**Task to carry out**. What you return must match the listing below exactly, minus any pictures.

**Data below**.
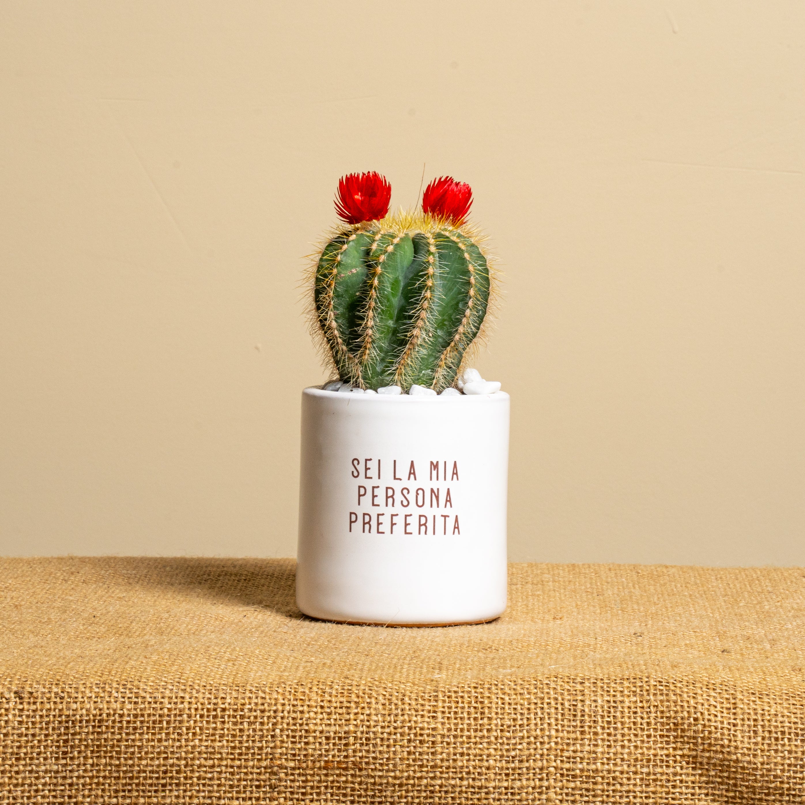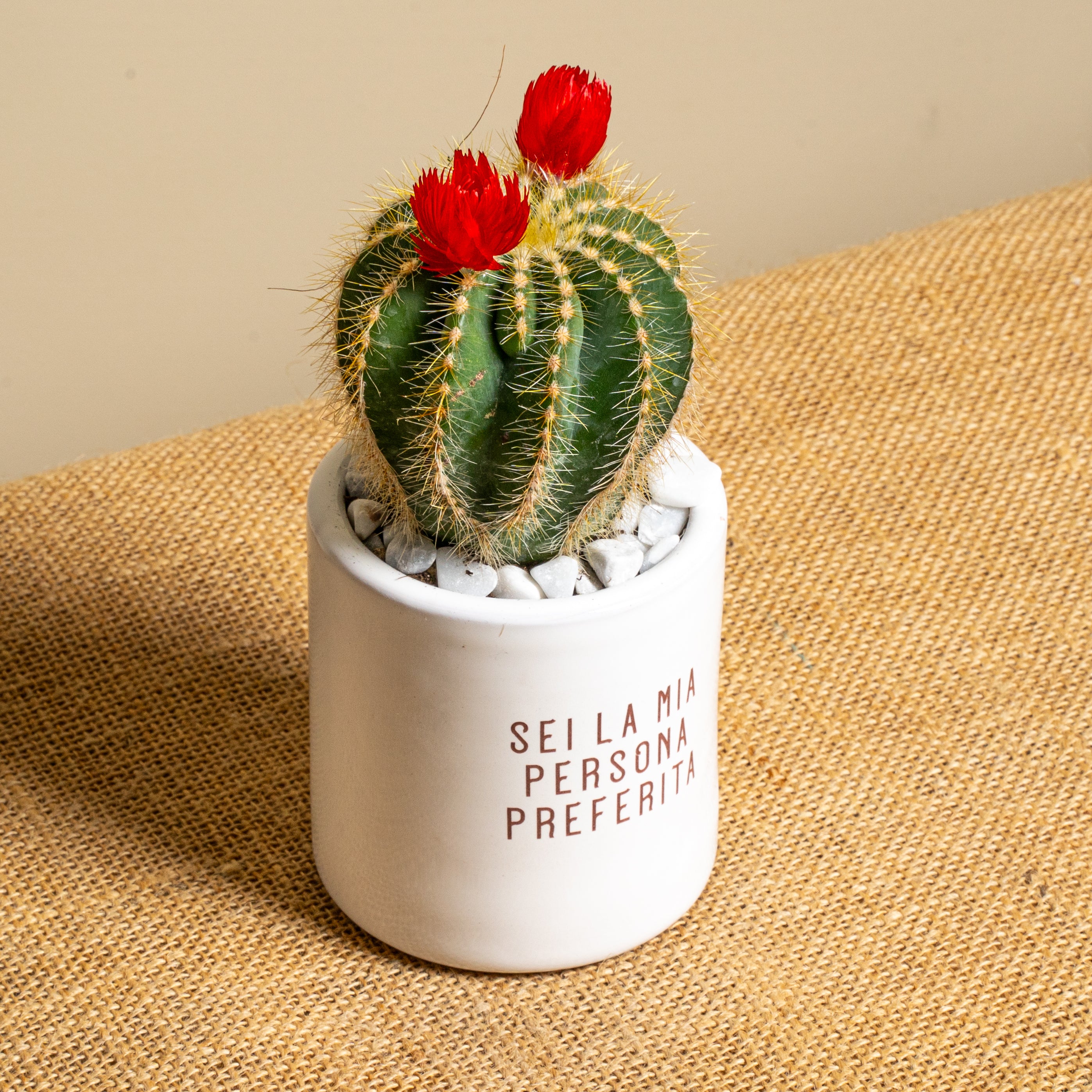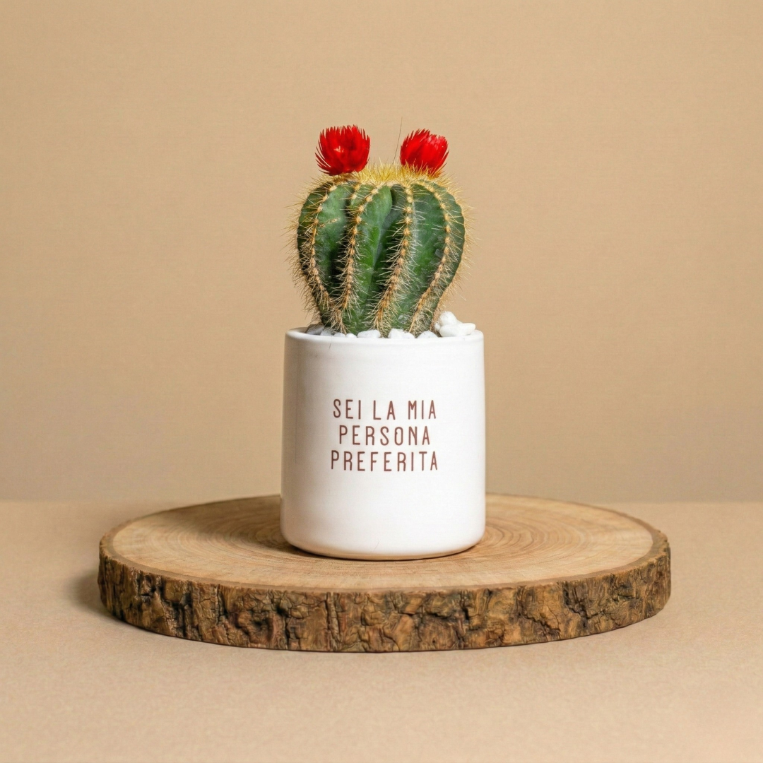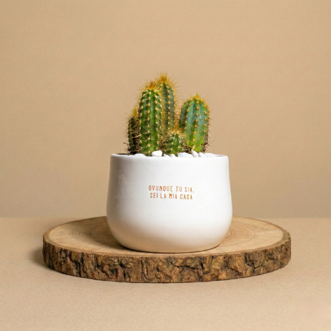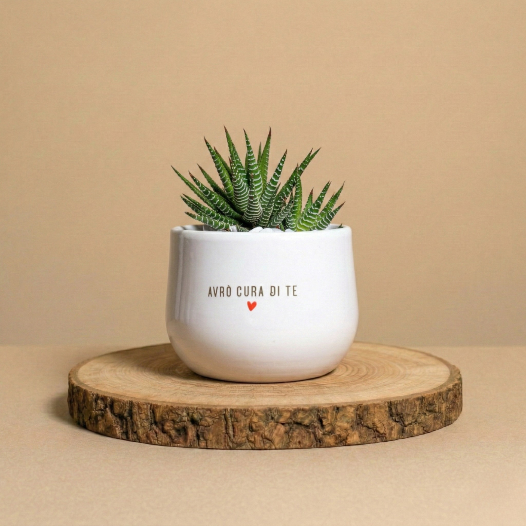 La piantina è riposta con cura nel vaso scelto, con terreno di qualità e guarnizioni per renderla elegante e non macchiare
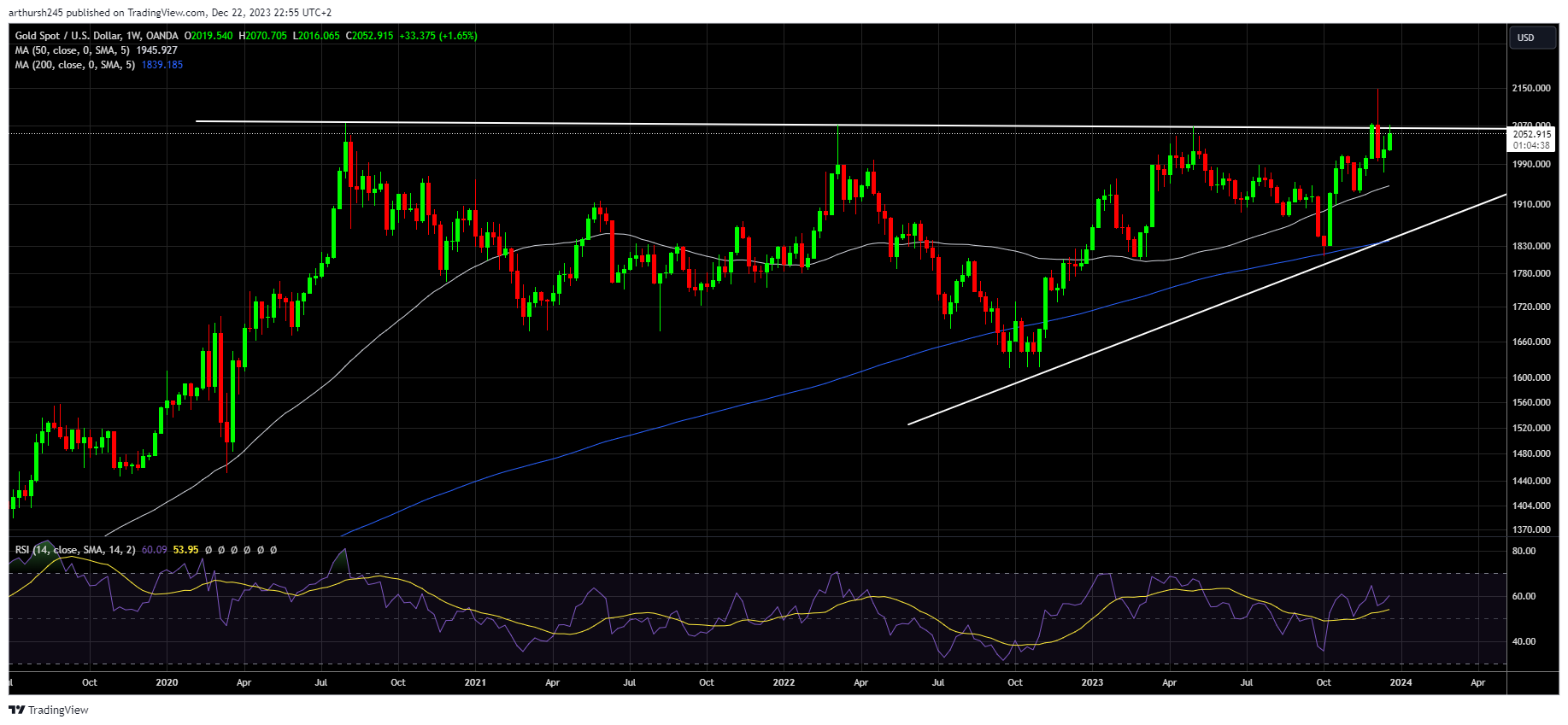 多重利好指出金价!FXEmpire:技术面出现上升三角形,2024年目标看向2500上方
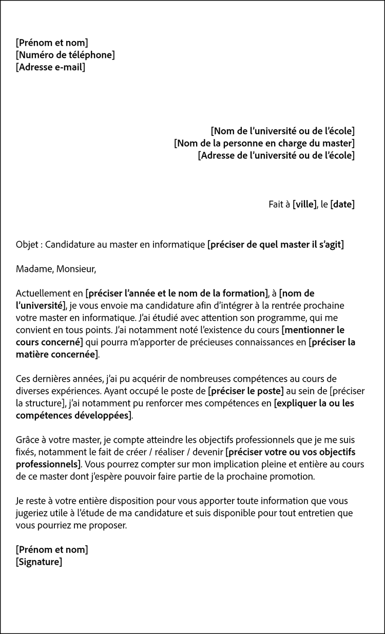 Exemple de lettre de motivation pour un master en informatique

**Expected answer**.
 La piantina è riposta con cura nel vaso scelto, con terreno di qualità e guarnizioni per renderla elegante e non macchiare
 多重利好指出金价!FXEmpire:技术面出现上升三角形,2024年目标看向2500上方
 Exemple de lettre de motivation pour un master en informatique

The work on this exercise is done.